Flawlessly it carried 18 separate large concave mirrors 1,500,000 km away to a special place in space, directly overhead if you are on the equator at midnight. There it will stay, the Earth blocking the sun, as will a heat shield allowing the telescope to be kept at minus 266 degrees Celsius (minus 450 Fahrenheit). Eighteen hexagonal mirror segments, folded like origami, opened and assembled themselves into one 6.5 m diameter concave mirror. Those mirrors had to be delicately positioned with minute adjustments so that together they made one perfect mirror, a process that took months. Only then did the team of astronomers show us amazing images of the very first stars and galaxies, using infra-red radiation that was emitted 13 billion years ago.

The JWST will be able to test theories about the very early universe. Some galaxies appear as distorted streaks, their images bent by the gravity of closer, but still very distant, clusters of galaxies.

The first stars condensed out of gas that originated in the Big Bang and should have only hydrogen, helium and a little lithium. They should not have any of the elements necessary for life, like carbon and oxygen, which were made when those first stars exploded, and the first planets were formed from the debris.

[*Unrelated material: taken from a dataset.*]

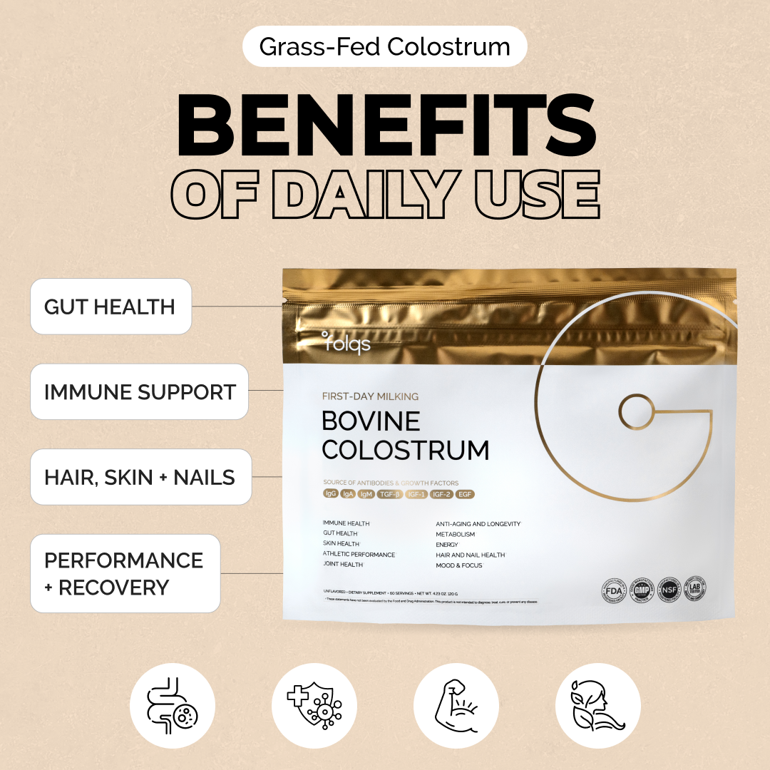 Simply mix one scoop of Folqs Bovine Colostrum with 6–8 oz of cold or room-temperature water, coffee, or a smoothie, and stir until it’s fully blended. Prefer a quicker option?

The JWST will also discover more exoplanets, planets orbiting distant stars, and in some cases even measure the composition of their surfaces and atmospheres. When planets cross in front of their parent star, starlight passing through their atmosphere is absorbed at specific wavelengths corresponding to the different gases present. Since life affects the composition of the atmosphere, this may lead to the discovery of “biosignatures,” signs of life on exoplanets. I mean primitive life as it existed on Earth for about 4 billion years before the industrial revolution started burning fossil fuels and emitting carbon dioxide. Water vapor in the atmosphere of a planet that is neither too cold nor too hot, a “Goldilocks planet,” would suggest that life is possible. Detecting oxygen in a planet’s atmosphere would be a sign that photosynthesis is occurring, as would a seasonal variation in carbon dioxide. In the next 20 years of JWST operation that may be the discovery of the century – but I cannot hold my breath that long!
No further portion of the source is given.